Do you have any photos and /or documents related to VB-116


----------



## 25Kingman49 (Oct 6, 2018)

daveT,
Looks like I'm a little late to this PB4Y-1-38766 study

Great contribution to this Eniwetok disaster story. A few considerations related to crew member names. The following and attached are results from my search for these crew members, in the order you have listed them:

Lt Romane Camerson Anderson, https://www.findagrave.com/memorial/63055598 

Ens Thomas M Pettit https://www.findagrave.com/memorial/146618023/thomas-m-pettit

Ens Orville Bias Tully https://www.findagrave.com/memorial/24076676/orville-bias-tully

AMM 1c L. Johnson, no findagrave memorial, or other data found

S 1c Arthur. A. Heper, Jr. [5 common] https://www.findagrave.com/memorial/19420442/arthur-a-heper

ARM 1c John Wilbur Chalmers, Jr. [5 common] https://www.findagrave.com/memorial/19420285/john-w-chalmers cenotaph (w/photo) https://www.findagrave.com/memorial/105894578/john-wilbur-chalmers

ARM 3c Al Burkhartzmeyer “Still flying!”

AOM 2c John D Rothwell [5 common] https://www.findagrave.com/memorial/19420336/john-d-rothwell

S 1c Arthur Alexander Van Winkle, Jr [5 common] https://www.findagrave.com/memorial/19420392/arthur-alexander-van_winkle 

S 1c Earl Victor Petri The War Department Files confirmed ancestry.com; headstone app. attached (Born 7 Sep 1921, KIA 9 Aug 1944), and newspaper article. No findagrave memorial found.
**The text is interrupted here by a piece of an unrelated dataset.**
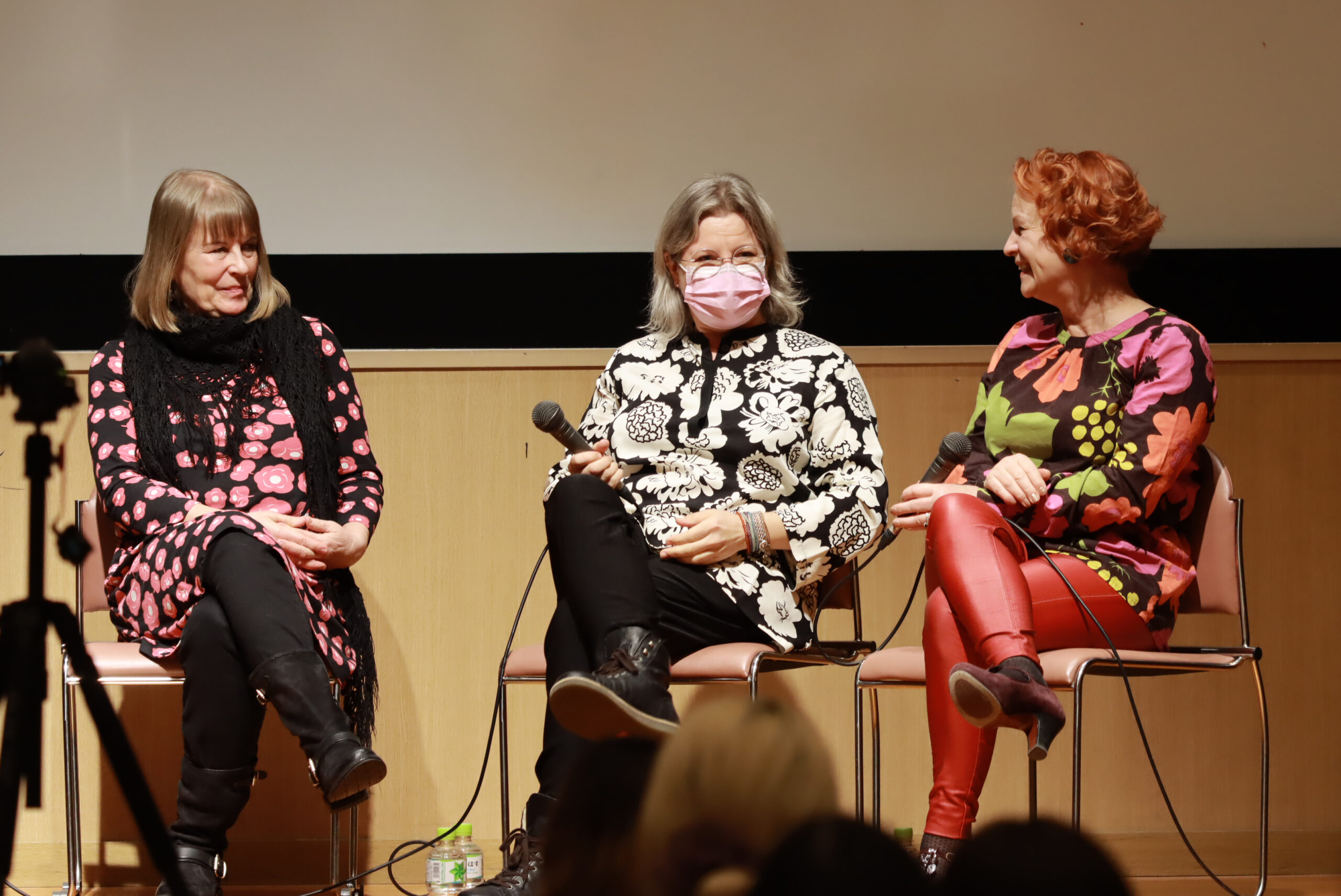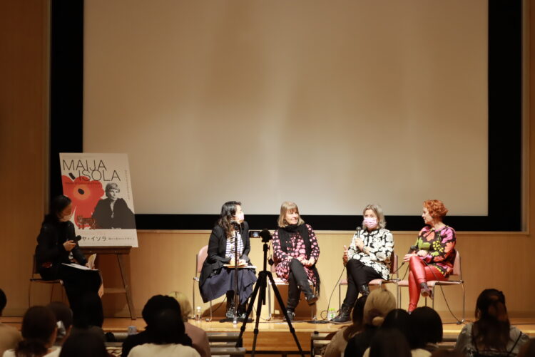 トークショーでは、レーナ・キルペライネン監督、マイヤの孫のエンマ・イソラさん、プロデューサーのメルヤ・リトラさんにご登壇いただき、映画と撮影に関する裏話や、それぞれの立場からみたマイヤの姿、好きなデザインなどをお話しいただきました。

AOM 3c Donald Arthur Ehinger https://www.findagrave.com/memorial/19420358/donald-arthur-ehinger

Hope this helps with full crew accountability.


----------



## daveT (Oct 10, 2018)

25Kingman49 said:


> daveT,
> Looks like I'm a little late to this PB4Y-1-38766 study
> 
> Great contribution to this Eniwetok disaster story. A few considerations related to crew member names. The following and attached are results from my search for these crew members, in the order you have listed them:
> ...


----------



## daveT (Oct 10, 2018)

*25Kingman49 you are not too late. Thank you for the crew information. *
*I'm still looking for photos and more information about the accident. *


----------



## ANixon (Jan 7, 2020)

daveT said:


> *25Kingman49 you are not too late. Thank you for the crew information.
> I'm still looking for photos and more information about the accident. *



I am currently editing my father’s autobiography. He was on Eniwetok at the time of the accident. He mentions it but not with much detail. This is what he said:
”Aircraft and bombs were exploding for several hours. One piece of bomb was lodged in a coconut tree in front of our tent. When the accident occurred some of us started down towards the scene but soon retreated as flying missiles were everywhere.“

He said that it was probably due to engine failure. Apparently he didn’t hear the true cause. He was in a different squadron “VJ-17A“. He flew B-26s (Navy JM-1) primarily towing targets for battleship gunnery training. On January 16, 1945 he lost his right wheel on a flight due to a battery explosion in the wheel well. He landed the JM-1 successfully but the PB4Y accident later made him aware of what could have happened. They did have time to burn off fuel and clear aircraft off one side of the landing strip.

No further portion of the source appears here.